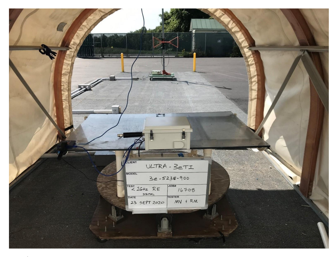
Digital RE Rear
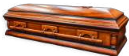
The Shalom Cherry 425BA
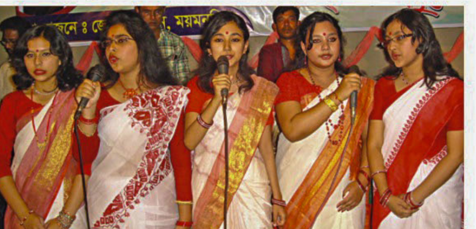
Artistes perform at the programme.
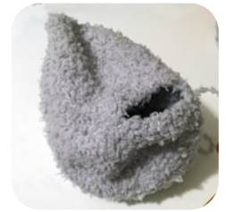
9. Turn the body wrong side out and add the neck.
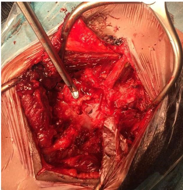
Fig. 4 Preoperative view, after laminectomy L4 and flavum decompression, of the dural laceration

The main cause of pneumocephalus in 75% of patients is neurotrauma, especially with the presence of skull base fractures [2, 7, 14]. Causes in the other 25% are tumors, infections, and iatrogenic causes, the last two after cranial and spinal surgical procedures or local lumbar procedures [5, 8, 14, 19]. In very few case reports, pneumocephalus as a complication of spinal trauma, like thoracic or cervical stab wounds, is described. Here, patients were treated conservatively [10, 11, 17]. However, a rapid decrease in consciousness after lumbar trauma, with extensive amounts of intraspinal and intracranial air demanding for emergency surgery, has not been reported.
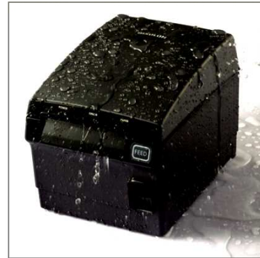
IPX2 class certified
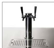
Custom Tap Options
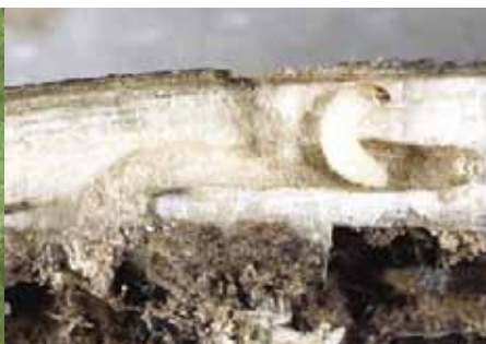
Photo 43. Sunflower stem weevil larva.
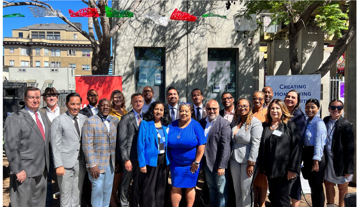
Wells Fargo Grant Announcement September 21, 2022

· · · · ·

**Work instruction**
Omit the pictures, then output every record exactly as given.

**Response to the exercise**
Digital RE Rear
The Shalom Cherry 425BA
Artistes perform at the programme.
9. Turn the body wrong side out and add the neck.
Fig. 4 Preoperative view, after laminectomy L4 and flavum decompression, of the dural laceration

The main cause of pneumocephalus in 75% of patients is neurotrauma, especially with the presence of skull base fractures [2, 7, 14]. Causes in the other 25% are tumors, infections, and iatrogenic causes, the last two after cranial and spinal surgical procedures or local lumbar procedures [5, 8, 14, 19]. In very few case reports, pneumocephalus as a complication of spinal trauma, like thoracic or cervical stab wounds, is described. Here, patients were treated conservatively [10, 11, 17]. However, a rapid decrease in consciousness after lumbar trauma, with extensive amounts of intraspinal and intracranial air demanding for emergency surgery, has not been reported.
IPX2 class certified
Custom Tap Options
Photo 43. Sunflower stem weevil larva.
Wells Fargo Grant Announcement September 21, 2022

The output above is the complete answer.